The process starts with a camera capturing my hand and its landmarks, as seen in the image. By tracking specific landmarks, such as the tip of the thumb and index fingers, the relative movement of these landmarks can be determined and translated into the movement of servos. This is done through a Python script that processes the data and sends integer values to an Arduino, which controls the servo motors.
The operational flow goes from
Camera —> python script —> Arduino —> servo motors
Here’s a list of items I used for this project:
- Robot arm kit (frame and servo motors (MG996) only)
- Arduino board (plus USB cable)
- Jumper wires
- Phone charger
- PCA9685 servo motor driver
- Laptop
- Suction pump kit
- A relay module
Programming environments used:
- Arduino IDE
- PyCharm editor
Prerequisites:
- Knowledge of OpenCV (tutorial available on youtube)
- Knowledge of C++ and Python
I needed to modify the robot arm assembly (for the kit I bought) due to the servo motors not being able to move the arm when fully assembled, resulting in a loss of some degrees of freedom (DOF) and the removal of a gripper as the end effector. I opted to use a suction pump mechanism instead. For this project, you can purchase only the robot arm kit I used or you buy only the chassis and upgrade to more powerful servos to work with the complete assembly. The latter option would require you to use this article as a guide and make modifications to achieve your desired results.
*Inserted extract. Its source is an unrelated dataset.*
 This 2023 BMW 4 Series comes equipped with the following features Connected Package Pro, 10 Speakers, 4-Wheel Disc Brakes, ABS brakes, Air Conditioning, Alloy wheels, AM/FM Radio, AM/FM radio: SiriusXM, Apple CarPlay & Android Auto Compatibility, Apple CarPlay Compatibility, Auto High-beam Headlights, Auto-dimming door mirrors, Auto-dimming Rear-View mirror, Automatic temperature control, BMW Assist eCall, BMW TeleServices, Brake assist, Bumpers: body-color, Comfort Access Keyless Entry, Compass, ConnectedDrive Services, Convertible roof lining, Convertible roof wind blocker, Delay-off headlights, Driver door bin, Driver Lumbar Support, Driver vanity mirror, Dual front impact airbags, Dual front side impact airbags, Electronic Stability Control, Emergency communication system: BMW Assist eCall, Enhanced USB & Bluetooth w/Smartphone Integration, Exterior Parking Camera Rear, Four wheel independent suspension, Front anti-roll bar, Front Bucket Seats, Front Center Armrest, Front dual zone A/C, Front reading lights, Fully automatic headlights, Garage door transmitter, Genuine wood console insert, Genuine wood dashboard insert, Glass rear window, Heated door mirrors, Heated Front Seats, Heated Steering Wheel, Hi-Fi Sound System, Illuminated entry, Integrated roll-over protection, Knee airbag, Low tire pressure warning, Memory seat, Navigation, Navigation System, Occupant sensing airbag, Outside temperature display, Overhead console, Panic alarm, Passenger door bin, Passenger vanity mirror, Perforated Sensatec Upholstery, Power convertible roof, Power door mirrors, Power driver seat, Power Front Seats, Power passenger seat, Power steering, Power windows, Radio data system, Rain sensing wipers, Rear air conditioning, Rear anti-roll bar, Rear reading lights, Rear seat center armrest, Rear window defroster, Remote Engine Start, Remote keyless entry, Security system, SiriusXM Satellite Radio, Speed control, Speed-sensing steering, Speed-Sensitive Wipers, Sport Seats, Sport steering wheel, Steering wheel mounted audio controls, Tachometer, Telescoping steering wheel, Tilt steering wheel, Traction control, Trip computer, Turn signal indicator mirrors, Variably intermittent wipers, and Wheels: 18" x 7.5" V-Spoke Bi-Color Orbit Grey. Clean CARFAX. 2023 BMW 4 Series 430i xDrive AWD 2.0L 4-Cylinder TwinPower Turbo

I also had to change some of the servo motor gears to metal ones. I recommend you get more powerful servos.
- Assemble the robot arm:
- Load the Arduino code onto the board and connect the servo motors using the circuit diagram.
- It’s time to assemble the robot arm. Before starting, make sure to load the Arduino code by downloading it and installing the HCPCA9685 library as described here. Connect the servo motors using the provided circuit diagram to ensure they are in the desired position. Start by connecting the servo at the base of the arm (rotating base joint) to pin 0 of the PCA9865, followed by the next servo in the arm (shoulder joint)connected to pin 3, and so on, moving from left to right of the PCA9685. Finally, power up the Arduino board and wait for the servo motors to reach their positions.
2. Arm joints
- Place pulleys on the servo motors and attach screws.
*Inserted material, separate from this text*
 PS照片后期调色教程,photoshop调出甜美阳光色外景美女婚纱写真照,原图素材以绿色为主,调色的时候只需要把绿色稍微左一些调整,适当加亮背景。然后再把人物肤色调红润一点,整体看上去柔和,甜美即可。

- Now it’s time to assemble the other parts of the robot arm. Use the video linked here as a guide, but feel free to use your own approach to achieve the pose depicted in the image. If you encounter any issues during testing, such as a joint not moving, check the servo motor for heat. If it’s hot, there may be an assembly problem at that joint preventing it from functioning properly.
3. Connect the suction pump:
- Connect the hose as shown in the diagram below, the black arrows represent the connection and flow of air.
- Connect the negative terminals of the vacuum pump, relay module, and solenoid valve to the negative terminal of the power supply.
- Connect the positive terminal of the relay module to the positive terminal of the power supply.
- Connect the signal wire of the relay module to digital pin 3 of the Arduino board.
- Connect the positive terminal of the vacuum pump to the normally open (NO) terminal of the relay module.
- Connect the positive terminal of the solenoid valve to the normally closed (NC) terminal of the relay module.
- Connect the relay module’s common terminal to the power input’s positive terminal.
4. Arduino code:
- Set up and initialize libraries and variables.
#include <Servo.h>
#include <Wire.h>
#include <Adafruit_PWMServoDriver.h>
// called this way, it uses the default address 0x40
Adafruit_PWMServoDriver pwm = Adafruit_PWMServoDriver();
#define USMIN 1000//600 // This is the rounded 'minimum' microsecond length based on the minimum pulse of 150
#define USMAX 2000//2400 // This is the rounded 'maximum' microsecond length based on the maximum pulse of 600
#define SERVO_FREQ 50 // Analog servos run at ~50 Hz updates
uint16_t Pos1;
uint16_t Pos2;
uint16_t Pos3;
uint16_t Pos0;
int ang;
int ang2;
int ang3;
int ang0;
int X; //variable storing data from the index finger (landmark 8)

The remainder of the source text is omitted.